Kubeflow實戰系列: 利用TFJob運行分布式TensorFlow
介紹
本系列將介紹如何在阿裏雲容器服務上運行Kubeflow, 本文介紹如何使用TfJob運行分布式模型訓練。
TensorFlow分布式訓練和Kubernetes
TensorFlow作為現在最為流行的深度學習代碼庫,在數據科學家中間非常流行,特別是可以明顯加速訓練效率的分布式訓練更是殺手級的特性。但是如何真正部署和運行大規模的分布式模型訓練,卻成了新的挑戰。 實際分布式TensorFLow的使用者需要關心3件事情。
尋找足夠運行訓練的資源,通常一個分布式訓練需要若幹數量的worker(運算服務器)和ps(參數服務器),而這些運算成員都需要使用計算資源。
安裝和配置支撐程序運算的軟件和應用
根據分布式TensorFlow的設計,需要配置ClusterSpec。這個json格式的ClusterSpec是用來描述整個分布式訓練集群的架構,比如需要使用兩個worker和ps,ClusterSpec應該長成下面的樣子,並且分布式訓練中每個成員都需要利用這個ClusterSpec初始化tf.train.ClusterSpec對象,建立集群內部通信
cluster = tf.train.ClusterSpec({"worker": ["<VM_1>:2222",
"ps": ["<IP_VM_1>:2223",
"<IP_VM_2>:2223"]})
其中第一件事情是Kubernetes資源調度非常擅長的事情,無論CPU和GPU調度,都是直接可以使用;而第二件事情是Docker擅長的,固化和可重復的操作保存到容器鏡像。而自動化的構建ClusterSpec是TFJob解決的問題,讓用戶通過簡單的集中式配置,完成TensorFlow分布式集群拓撲的構建。
應該說煩惱了數據科學家很久的分布式訓練問題,通過Kubernetes+TFJob的方案可以得到比較好的解決。
利用Kubernetes和TFJob部署分布式訓練
修改TensorFlow分布式訓練代碼
之前在阿裏雲上小試TFJob一文中已經介紹了TFJob的定義,這裏就不再贅述了。可以知道TFJob裏有的角色類型為MASTER, WORKER 和 PS。
舉個現實的例子,假設從事分布式訓練的TFJob叫做distributed-mnist, 其中節點有1個MASTER, 2個WORKERS和2個PS,ClusterSpec對應的格式如下所示:
{
"master":[
"distributed-mnist-master-0:2222"
],
"ps":[
"distributed-mnist-ps-0:2222",
"distributed-mnist-ps-1:2222"
],
"worker":[
"distributed-mnist-worker-0:2222",
"distributed-mnist-worker-1:2222"
]
}
而tf_operator的工作就是創建對應的5個Pod, 並且將環境變量TF_CONFIG傳入到每個Pod中,TF_CONFIG包含三部分的內容,當前集群ClusterSpec, 該節點的角色類型,以及id。比如該Pod為worker0,它所收到的環境變量TF_CONFIG為:
{
"cluster":{
"master":[
"distributed-mnist-master-0:2222"
],
"ps":[
"distributed-mnist-ps-0:2222"
],
"worker":[
"distributed-mnist-worker-0:2222",
"distributed-mnist-worker-1:2222"
]
},
"task":{
"type":"worker",
"index":0
},
"environment":"cloud"
}
在這裏,tf_operator負責將集群拓撲的發現和配置工作完成,免除了使用者的麻煩。對於使用者來說,他只需要在這裏代碼中使用通過獲取環境變量TF_CONFIG中的上下文。
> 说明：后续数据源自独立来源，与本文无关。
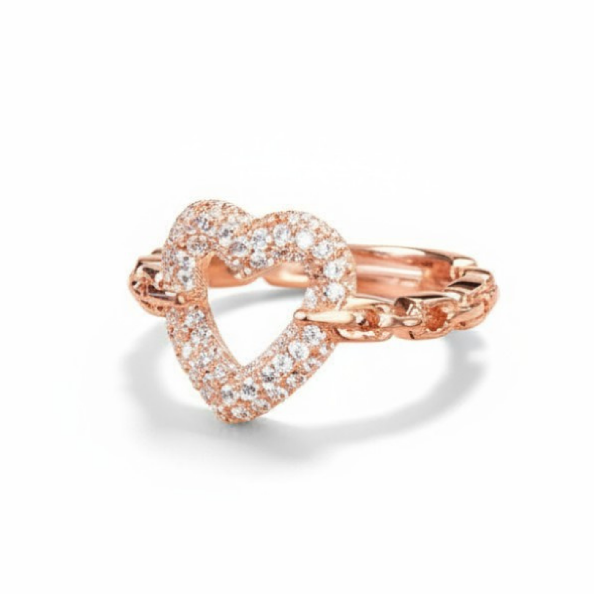 Beyaz Zirkon Taşlı Kalp Tasarım Rose Renk Ayarlanabilir Ölçü 925 Ayar Gümüş Kadın Yüzük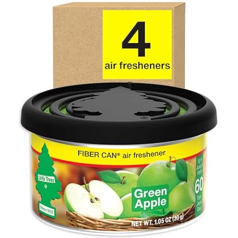 LITTLE TREES Car Air Freshener. Fiber Can Provides a Long-Lasting Scent for Auto or Home. Adjustable Lid for Desired Strength. Green Apple, 4 Air Fresheners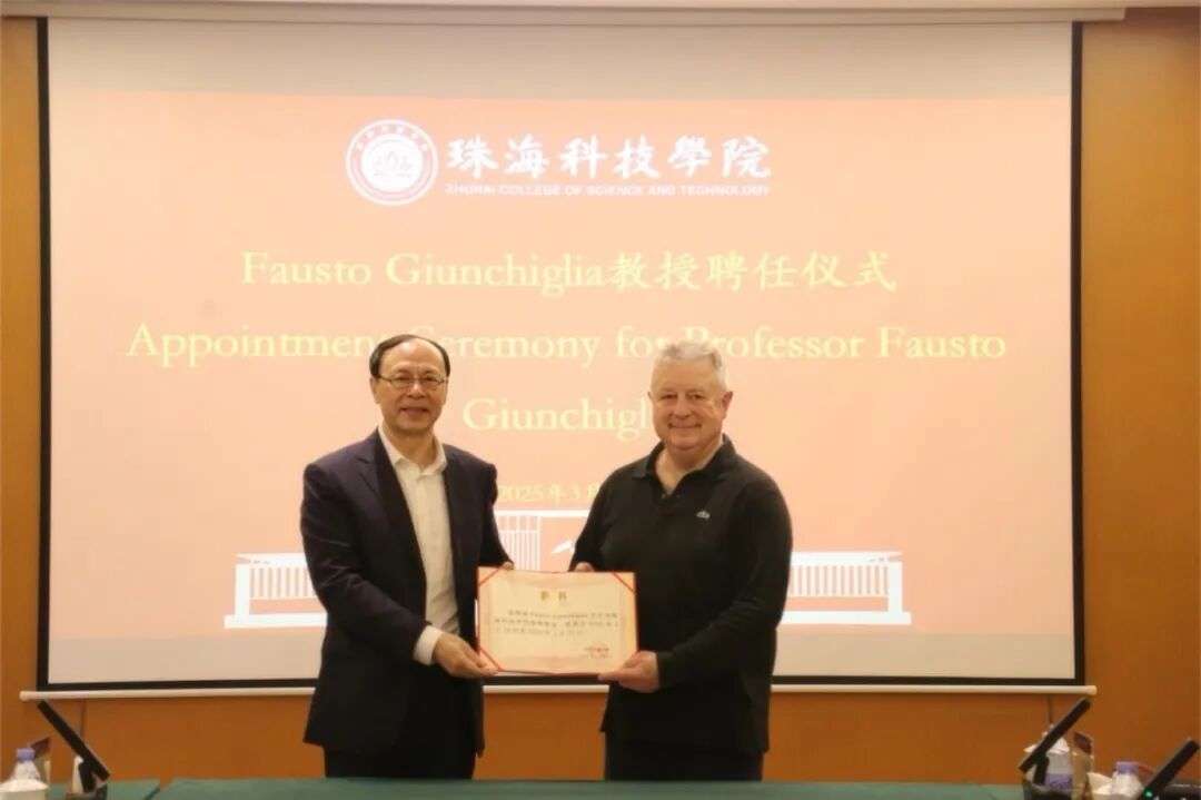 2025年3月,Fausto Giunchiglia教授正式受聘为珠海科技学院特聘教授。Fausto Giunchiglia教授是人工智能领域的国际知名学者,长期致力于人机共生、知识表示、语义匹配、跨语言知识融合等前沿方向的研究。此次当选,这是中国学术界对其在人工智能领域卓越贡献的高度认可。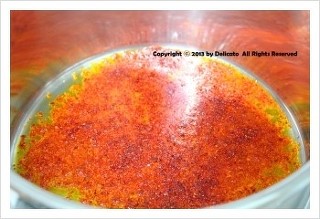 달군냄비에 오일 2큰술을 두른후 고춧가루를 솔솔 뿌려주신후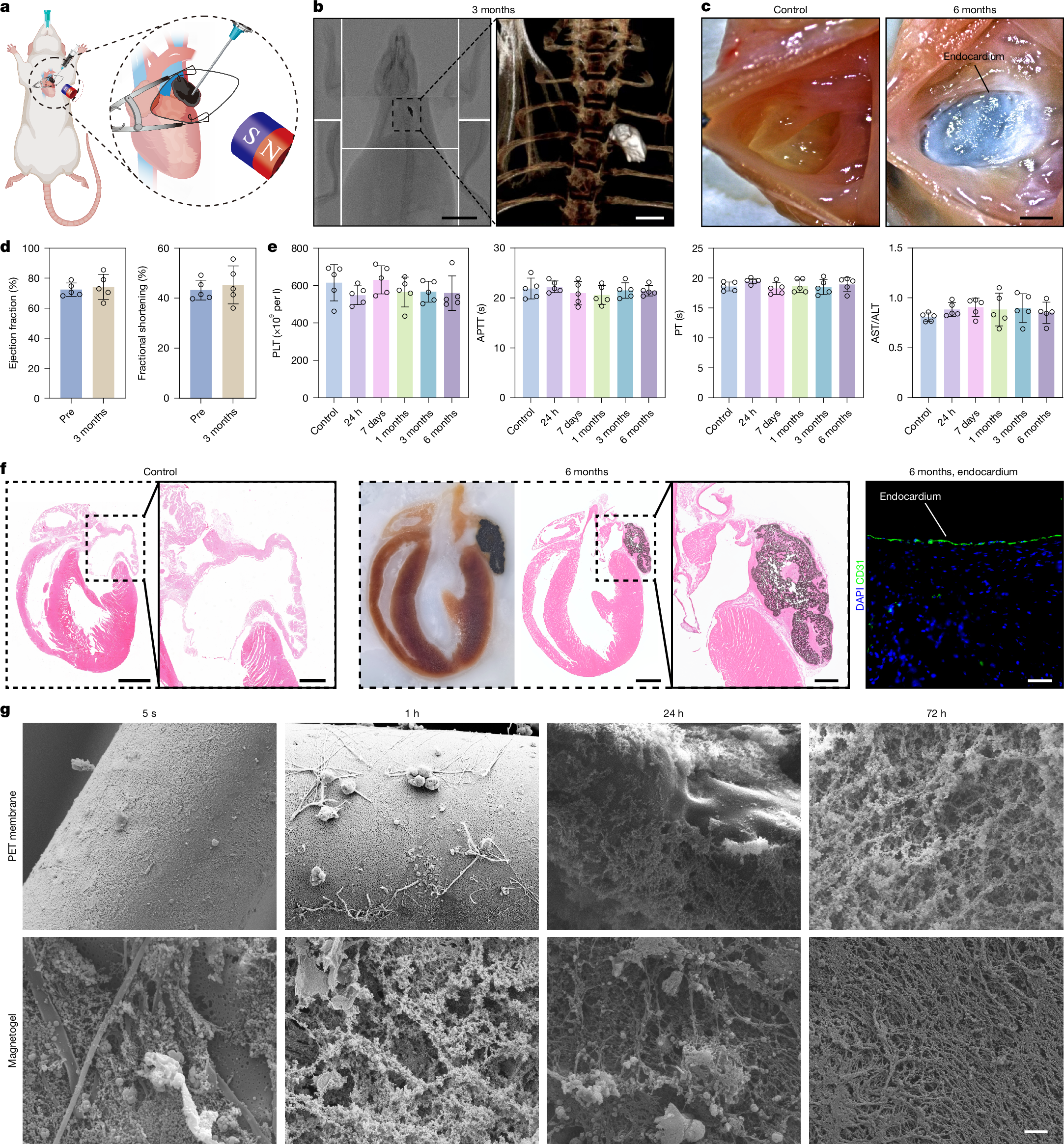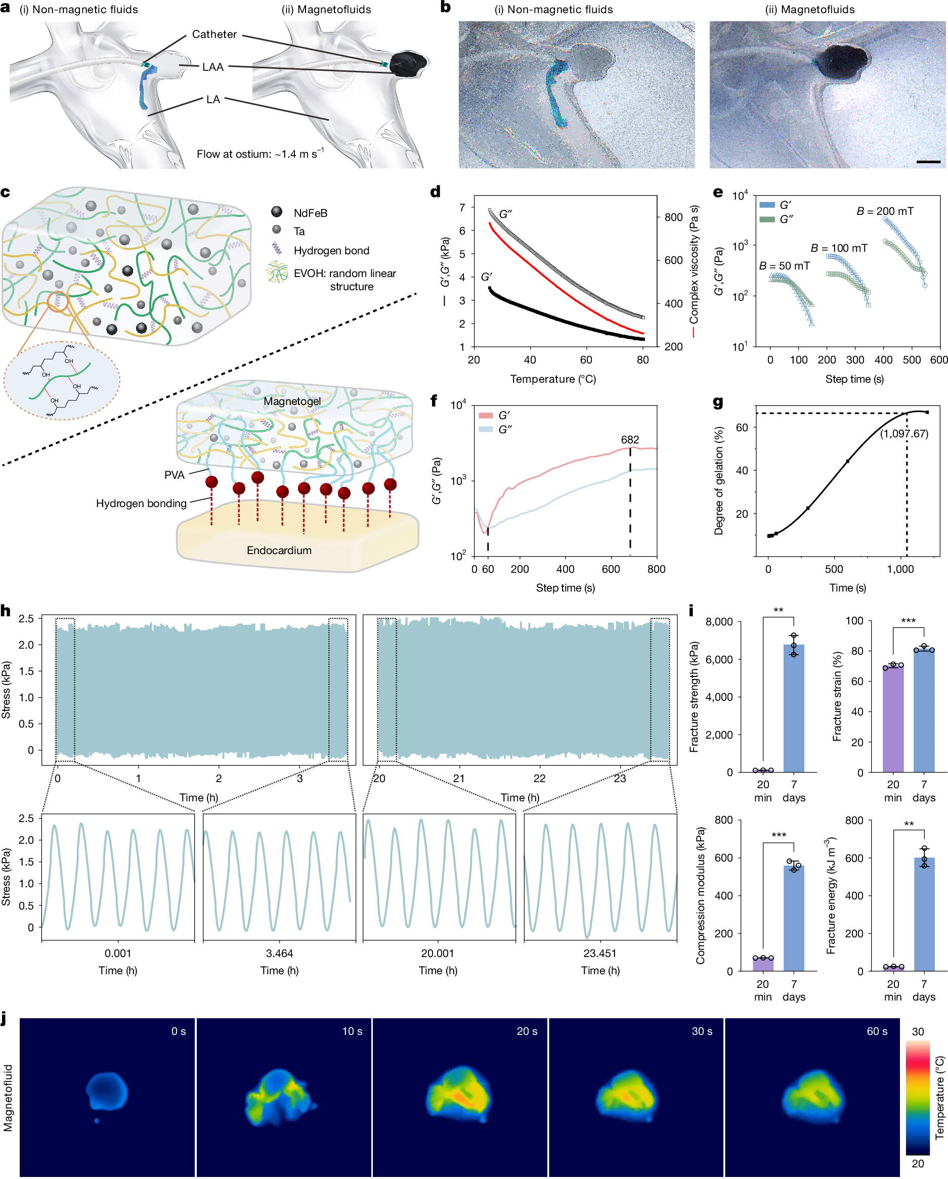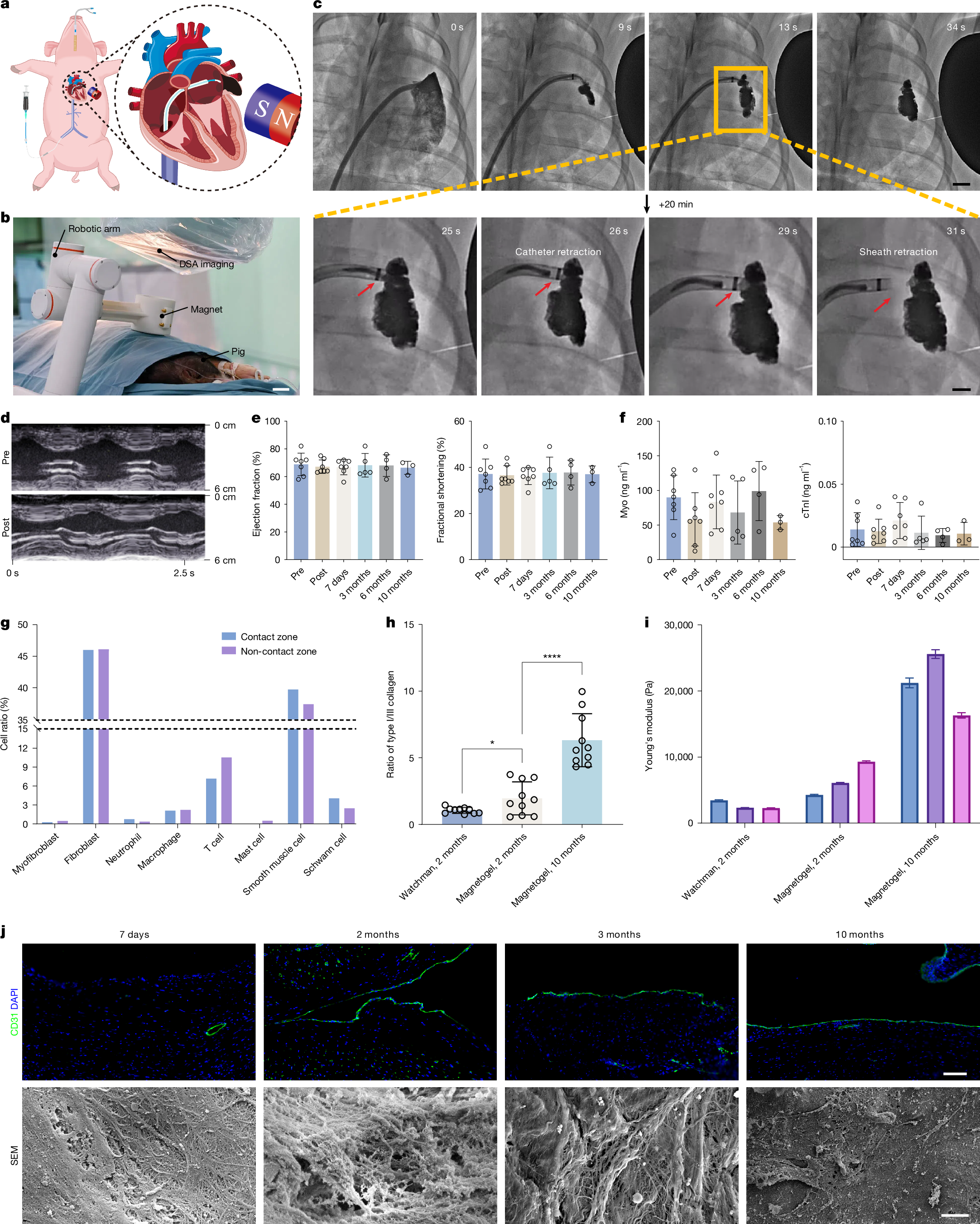 scRNA-seq data have been deposited in a public repository (ArrayExpress: E-MTAB-15847). The Sus scrofa (pig) reference genome (Sscrofa11.1) can be found at NCBI (GCF_000003025.6). Other original data including the animal-based dataset and retrospective clinical dataset are available at GitHub (https://github.com/rinrpg/Origin-data-of-Long-term-thrombus-free-left-atrial-appendage-occlusion-via-magnetofluids). Authentication documents of the cell lines are available at GitHub (https://github.com/silver2008a5/Cell-line-authentication-documents.git). The animal illustrations in Figs. 3a and 4a and the cardiac illustrations in Fig. 4a and Supplementary Fig. 41a were adjusted using BioRender. The original illustrations can be downloaded from the following links: models of rat and its heart in Fig. 3a (https://BioRender.com/yl2wllu); pig model in Fig. 4a (https://BioRender.com/g716ki6); and cardiac models in Fig. 4a and Supplementary Fig. 41a (https://BioRender.com/3a9pht3). Source data are provided with this paper.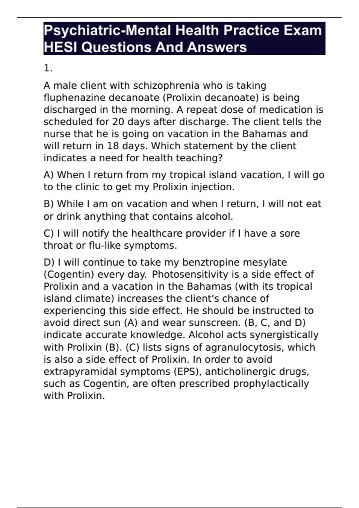 Psychiatric-Mental Health Practice Exam HESI Questions And Answers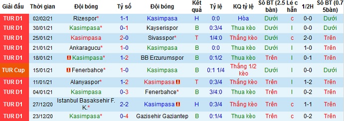 + Thống kê 10 trận gần nhất của Kasımpaşa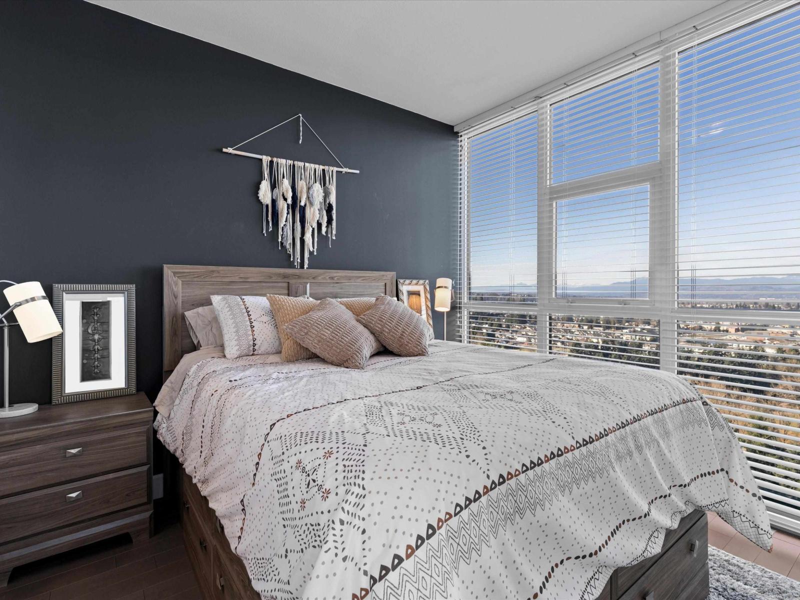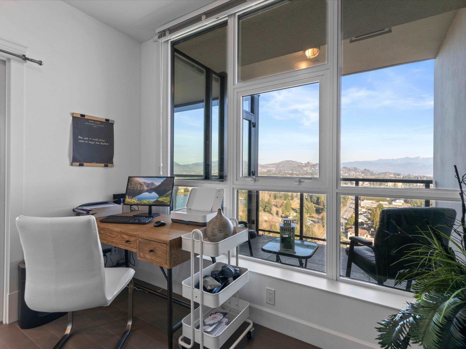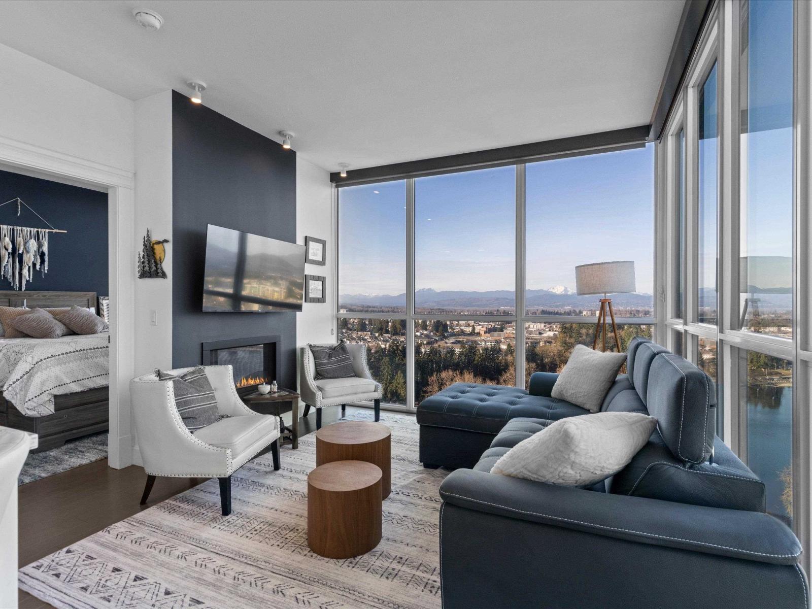 Perched high on the 23rd floor of The Mahogany, this exceptional 2 bedroom, 2 full bathroom residence offers breathtaking panoramic views rarely found anywhere in the Fraser Valley. From the white snow-capped peak of Mount Baker to the shimmering reflections off Mill Lake and the valley stretching beyond, the scenery is truly remarkable. Step onto your private balcony to take in the ever-changing landscape that is perfect for morning coffee or evening sunsets. Inside features stainless steel appliances and efficient geo heating and cooling for year-round comfort. Enjoy resort-style amenities including an indoor pool, hot tub, fitness centre, resident lounge, 2 guest suites, and secure parking, all steps from Mill Lake Park, the hospital, shopping, restaurants, and quick highway access. (id:49203)

這意味著,用戶需要根據和TFJob的規約修改分布式訓練代碼:
從環境變量TF_CONFIG中讀取json格式的數據
tf_config_json = os.environ.get("TF_CONFIG", "{}")
反序列化成python對象
tf_config = json.loads(tf_config_json)
獲取Cluster Spec
cluster_spec = tf_config.get("cluster", {})
cluster_spec_object = tf.train.ClusterSpec(cluster_spec)
獲取角色類型和id, 比如這裏的job_name 是 "worker" and task_id 是 0
task = tf_config.get("task", {})
job_name = task["type"]
task_id = task["index"]
創建TensorFlow Training Server對象
server_def = tf.train.ServerDef(
cluster=cluster_spec_object.as_cluster_def(),
protocol="grpc",
job_name=job_name,
task_index=task_id)
server = tf.train.Server(server_def)
如果job_name為ps,則調用server.join()
if job_name == ‘ps‘:
server.join()
檢查當前進程是否是master, 如果是master,就需要負責創建session和保存summary。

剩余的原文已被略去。